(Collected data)

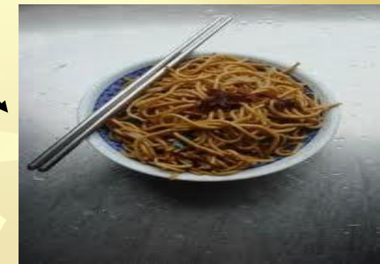
Chow Mein/ Fried rice noodles
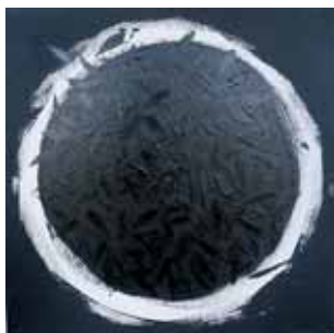
"RibeListi", 2013., 30x30, akrilik
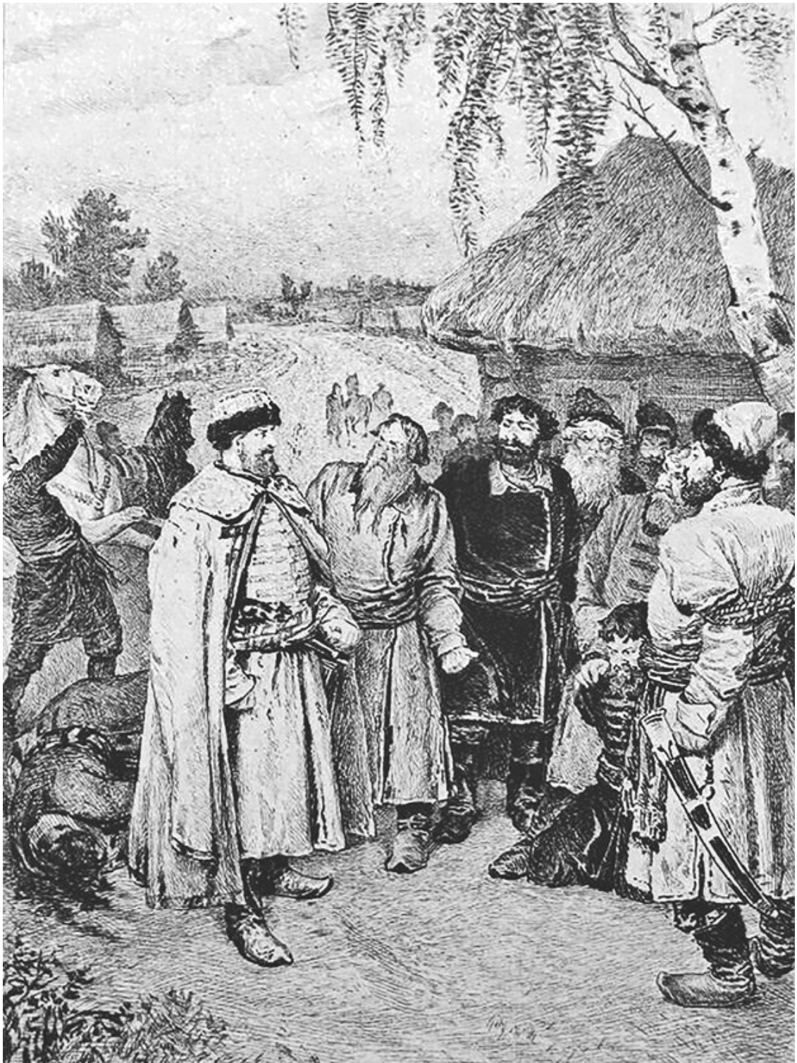
Князь Никита Романович Серебряный и связанные опричники. Рисунок К. В. Лебедева, гравюра на меди Адольфа Лалоза. Вторая половина XIX в.
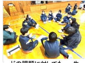
どの課題に対しても、一生懸命に考え、話し合います。
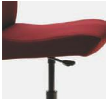
Elevación a gas Réglage à gaz Gas adjustment
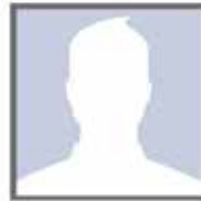
Poste vacant Chargé de projet Internet haute vitesse
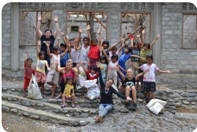
DĚTI Z BATU KATAK PŘI SBĚRU ODPADKŮ U STAVĚJÍCÍHO SE TYGŘÍHO DOMU

Vzdělávání dětí je mimořádně důležitý úkol ochrany přírody. V roce 2015 jsme pracovali prozatím v provizorních podmínkách ve vesnici Batu Katak a připravovali otevření reprezentativního vzdělávacího centra Tygří dům od ledna 2016.
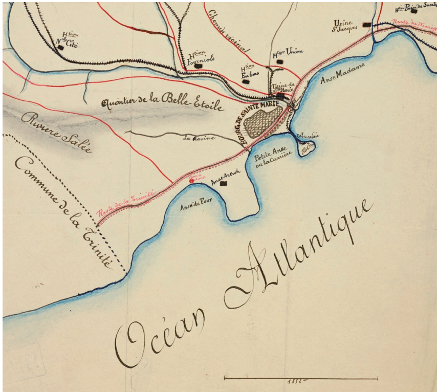
Figure 2 : Détail d'un plan de la commune de Sainte-Marie mentionnant l'Habitation Union. Auteur : H. Lacour. Année : 1899. Série Antilles du service géographique du ministère des Colonies, Archives nationales d'outre-mer (cote : FR ANOM CP ANT 10).
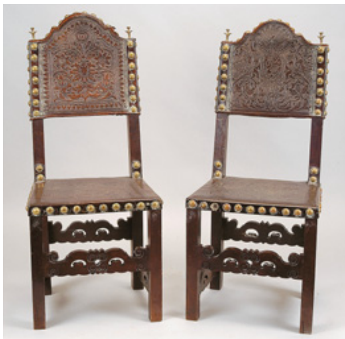
293 DUAS CADEIRAS, nogueira, assentos e costas em couro lavrado com pregaria, portuguesas, séc. XVII, diferenças, defeitos
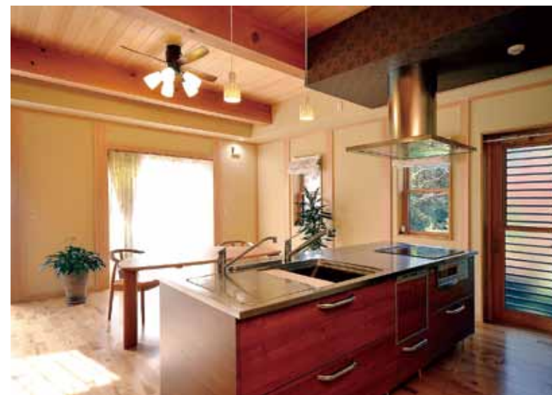
料理や食にも関心とこだわりを持つ夫妻が選んだのは、用と美を兼ね備えたアイランド型脚付きキッチン。シックなウッドパネルが空間と調和。

端正な平屋造りが目を引くT邸は、土壁と天然素材にこだわった家。手がけたのは、匠の技の家づくりで知られる「山内建匠」。竹小舞の地下作りから左官塗り、荒壁、乾燥、上塗りといった伝統手法による土壁造りに、三代にわたって受け継がれた大工ならではの技が光る。 珪藻土塗り壁と無垢材が織りなす邸内は、玄関側の前面にLDK、そして吹き抜けの中廊下をはさんだ奥側がプライベートスペースという間取り。いずれの間も、和の伝統と自然素材のよさを生かしつつ、モダンな雰囲気にも仕上がっているのが特長だ。また、省エネルギー住宅(トップランナー基準)として断熱気密性能にも優れ、一年を通して快適な住み心地を実現。「家憧れの「土壁の家」が、まさに完璧なカタチとなつてここに完成した。
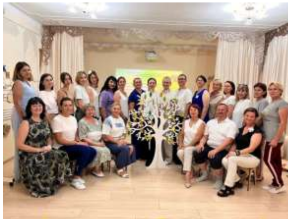
Краевая стажировка «Здоровьесберегающая среда ДОУ как средство сбережения и профилактики ортопедического здоровья дошкольников»

Краевая стажировка по теме «Здоровьесберегающая среда ДОУ как средство сбережения и профилактики ортопедического здоровья дошкольников» проведена совместно с Геленджикским филиалом «Новороссийский медицинский колледж» министерства здравоохранения Краснодарского края, сетевым партнером в деятельности КИП МБДОУ «ЦРР-д/с № 2 «Светлячок».
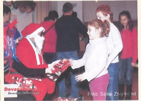
A Dévaványai Nagycsaládos Egyesület mikulás bulija a múzeumban
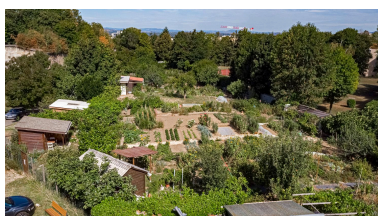
Vue des jardins ouvriers en limite des anciennes fortifications
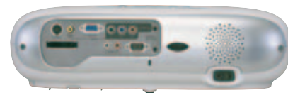
Immagine delle interfacce di EPSON EMP-TW10H
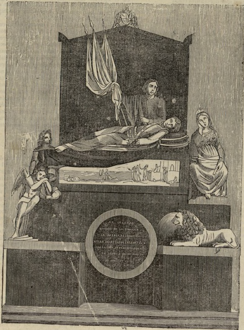
(Sepulcro del Marqués de la Romana.)
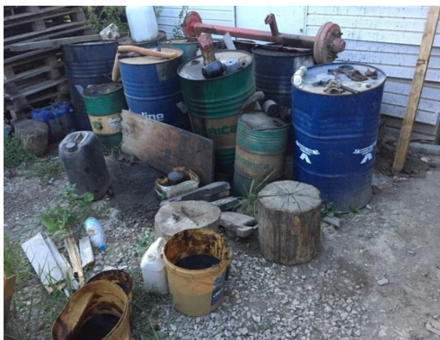
Slika 5. Prikupljanje rabljenog ulja u bačve

Pored rabljenog ulja, pri redovitim servisnim radnjama, mijenjaju se pročištači ulja koji predstavljaju također opasni otpad.
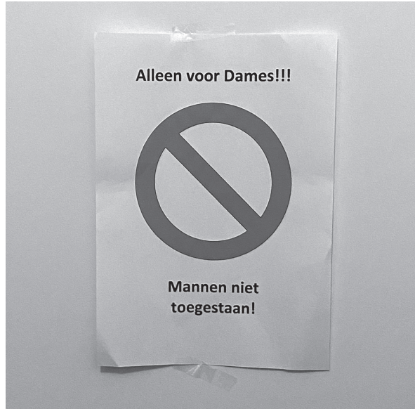
Waarschuwbordje in een women-only gym.

De mainstream Nederlandse liberale samenleving gaat uit van een dichotomie tussen seculier/modern enerzijds en religieus/'achterblijvend' anderzijds, met een impliciete superioriteit van christendom en wijsheid. 5 Dit is goed zichtbaar in sportbeoefening, bijvoorbeeld als we kijken naar discussies over voetballers die vasten tijdens de ramadan, of discussies over gescheiden sporten
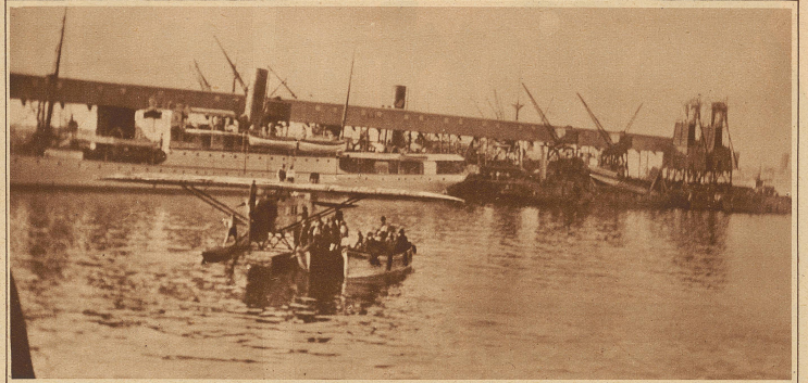
Mittelholzer am Ziel. Mit dem gleichen Schiff, das Mittelholzer wieder in die Heimat zurückbrachte, singen uns von einer eifrigen Leserin diese beiden Aufnahmen aus Kapstadt zu, die seine dortige Landung und die Einbringung der «Switzerland» in den Hafen im Bilde festhalten
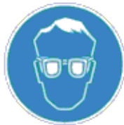
Védőszemüveg használata kötelező

Fehér piktogram kék alapon. A kék szín a jel felületének legalább 50%-át teszi ki.
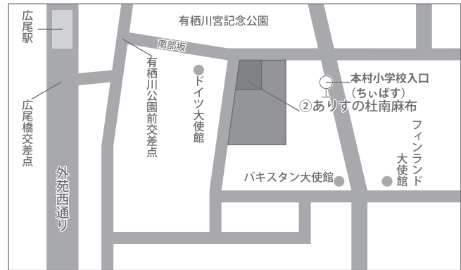
【交通アクセス図】② ありすの杜南麻布

※東京メトロ日比谷線「広尾駅」1・2番出口 徒歩7分 ※港区コミュニティバス(ちいばす)麻布ルート「本村小学校入口」徒歩2分
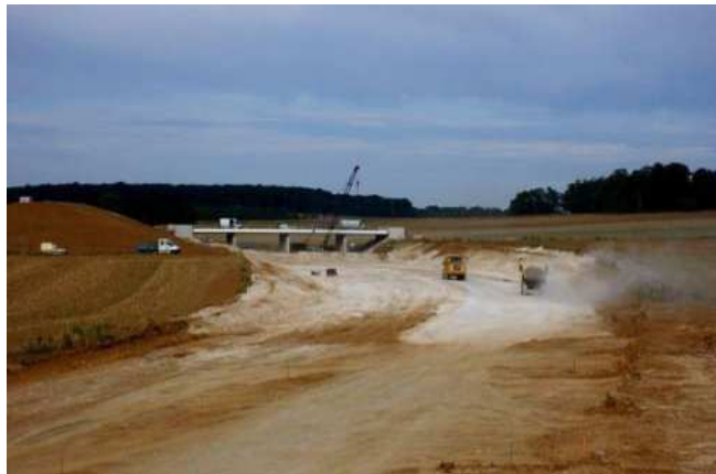
Terrassements de la section courante

Les travaux de terrassements et de chaussées de la section courante réalisés par le groupement CHARIER TP/BRETHOME se sont achevés en novembre 2011, après 14 mois de délais. Le volume de terrassement s'élève à 600 000m 3 .
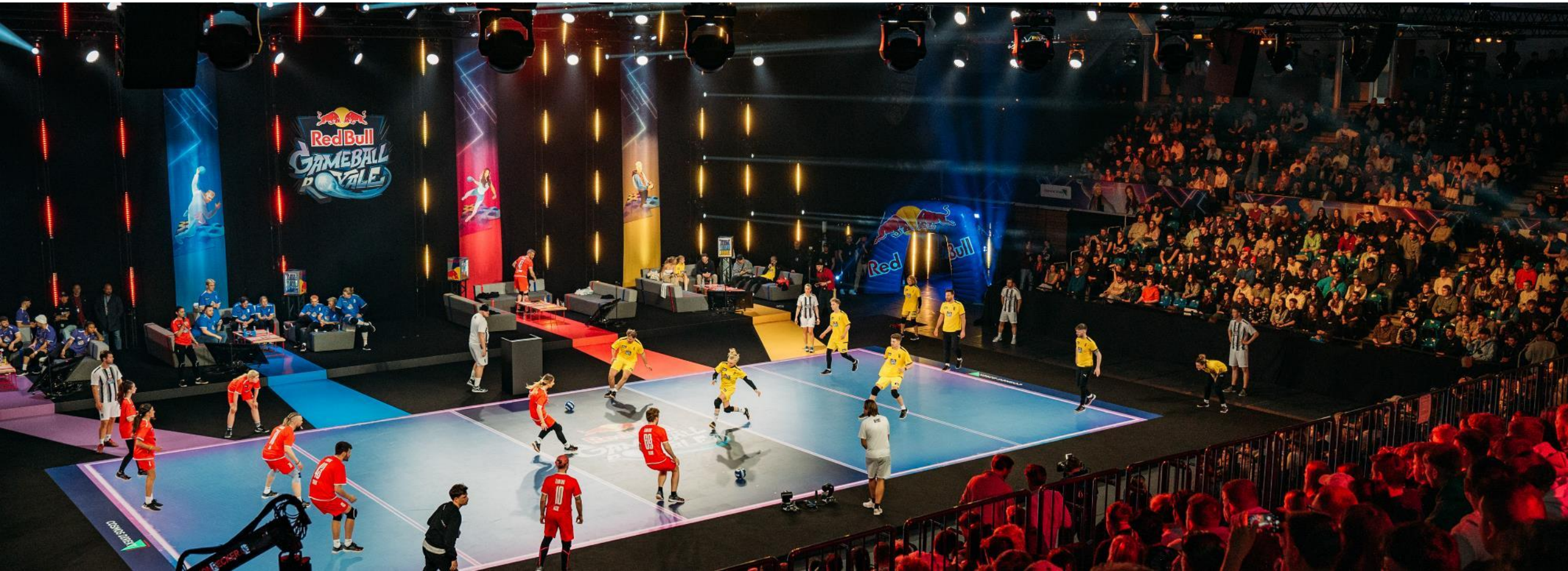
Red Bull Gameball Royale, Hamburg
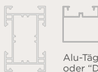
Alu-Trägerprofil "Die Mittlere" 9522 oder "Die Große" 9524

BRIEF: Please report every line in the entries above that holds the string "rabljenog".

REPLY:
Slika 5. Prikupljanje rabljenog ulja u bačve
Pored rabljenog ulja, pri redovitim servisnim radnjama, mijenjaju se pročištači ulja koji predstavljaju također opasni otpad.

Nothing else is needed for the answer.